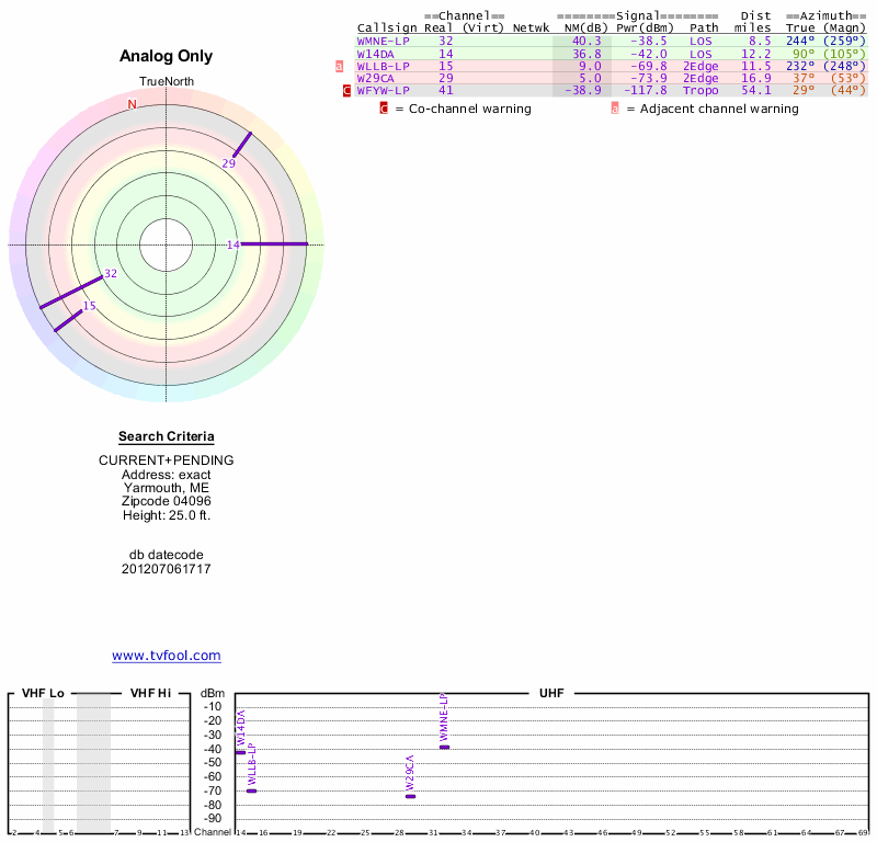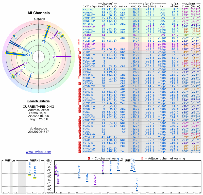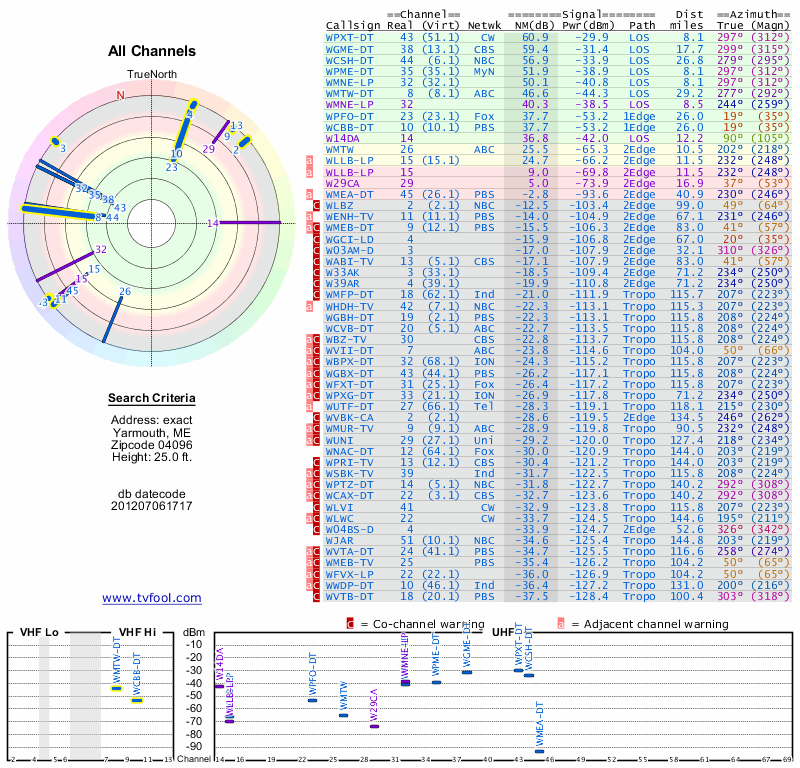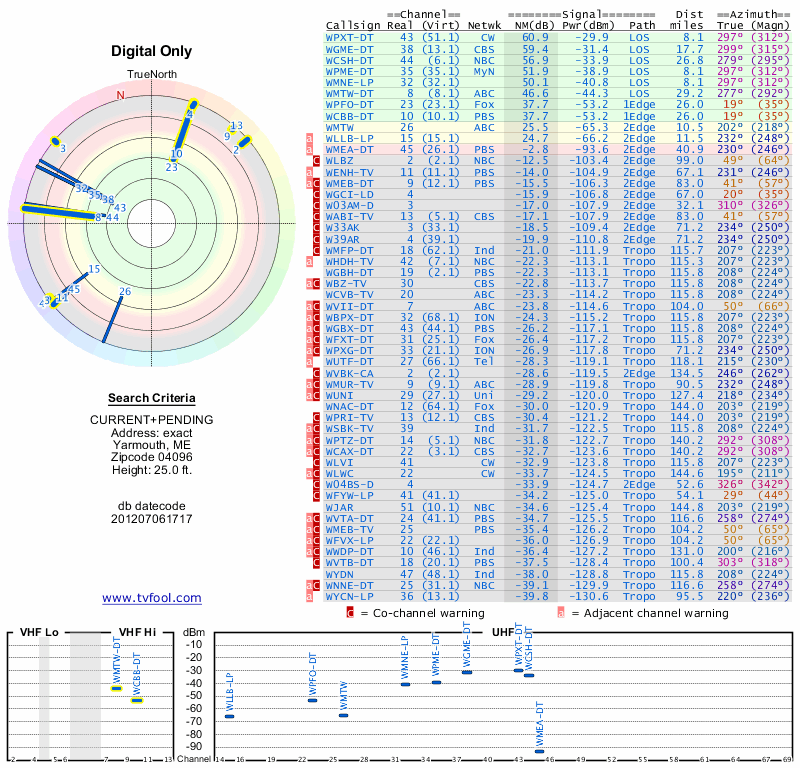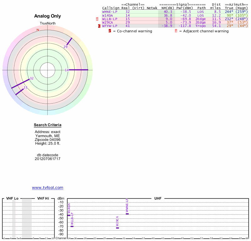 Here are the results for your location. The transmitter database was last updated on June 7, 2013. For more information about these plots and how to interpret them, please check out the Signal Analysis FAQ.
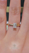 This forever piece features a uniquely wrapped hidden halo and a classic solitaire band. From the top, this emerald cut diamond engagement ring appears simple and elegant, but from another angle, a hidden sparkle is revealed, just like her and the quiet depth of the love you share. The wrapped halo symbolizes your heartfelt promise to keep her safe, embraced in your arms and cherished for all the days to come.
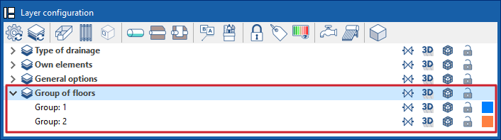 Dans 'Configuration', il est possible de configurer les formats de papier et les types de tableaux disponibles et, dans 'Options de dessin', la représentation graphique des éléments des schémas d'installation d'évacuation des eaux, en définissant leur couleur et leur symbole.
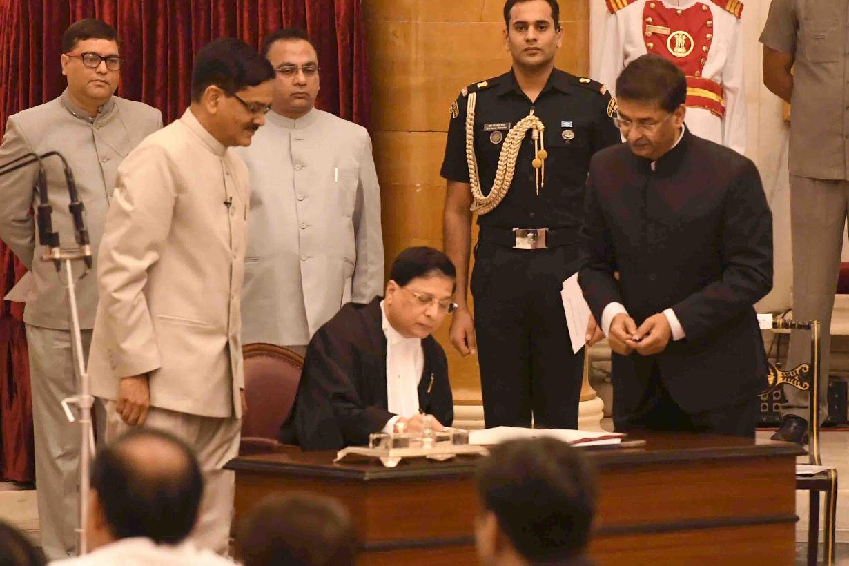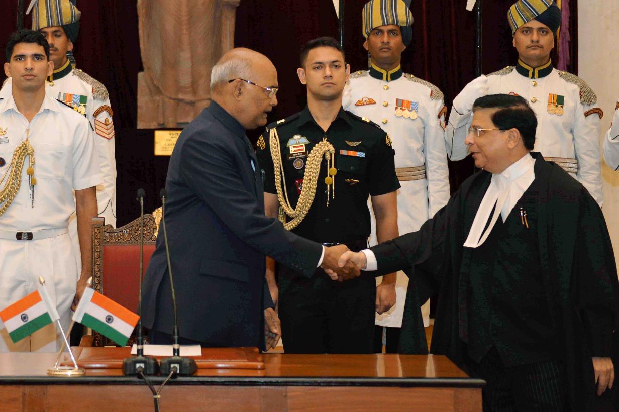 | Caption: | The President of India, Shri Ram Nath Kovind during the Swearing-in-Ceremony of the Chief Justice of the Supreme Court of India, Shri Justice Dipak Misra, at Rashtrapati Bhavan on August 28, 2017. |
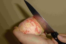 桃を二つに分けるくぼみに,軽くナイフを入れる
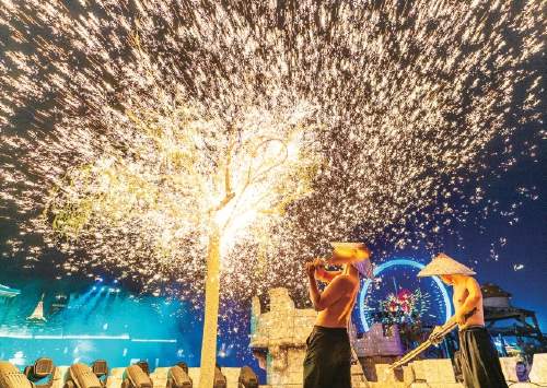 大型国风实景铁花秀《梦回西楼》、傣家泼水狂欢大巡游、摩天轮落日音乐派对,融创乐园暑假三大主力活动齐亮相。同时,融创乐园还制作了高15米、宽37米的赛博风天籁使者巨型灯组;在融创乐园内还会有各种萌宠动物气模以及夏日微醺、炫酷国潮、落日美食等各种主题集市……吃喝玩乐,应有尽有。
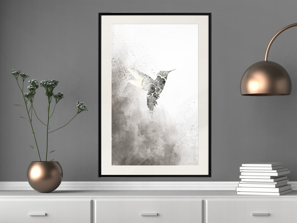 Poster - Hummingbird in Shades of Grey - zwart passepartout

########

§ Problem to solve
Before copying the material, set its pictures aside; then transcribe it word for word.

§ Expected answer
 Here are the results for your location. The transmitter database was last updated on June 7, 2013. For more information about these plots and how to interpret them, please check out the Signal Analysis FAQ.
 This forever piece features a uniquely wrapped hidden halo and a classic solitaire band. From the top, this emerald cut diamond engagement ring appears simple and elegant, but from another angle, a hidden sparkle is revealed, just like her and the quiet depth of the love you share. The wrapped halo symbolizes your heartfelt promise to keep her safe, embraced in your arms and cherished for all the days to come.
 Dans 'Configuration', il est possible de configurer les formats de papier et les types de tableaux disponibles et, dans 'Options de dessin', la représentation graphique des éléments des schémas d'installation d'évacuation des eaux, en définissant leur couleur et leur symbole.
 | Caption: | The President of India, Shri Ram Nath Kovind during the Swearing-in-Ceremony of the Chief Justice of the Supreme Court of India, Shri Justice Dipak Misra, at Rashtrapati Bhavan on August 28, 2017. |
 桃を二つに分けるくぼみに,軽くナイフを入れる
 大型国风实景铁花秀《梦回西楼》、傣家泼水狂欢大巡游、摩天轮落日音乐派对,融创乐园暑假三大主力活动齐亮相。同时,融创乐园还制作了高15米、宽37米的赛博风天籁使者巨型灯组;在融创乐园内还会有各种萌宠动物气模以及夏日微醺、炫酷国潮、落日美食等各种主题集市……吃喝玩乐,应有尽有。
 Poster - Hummingbird in Shades of Grey - zwart passepartout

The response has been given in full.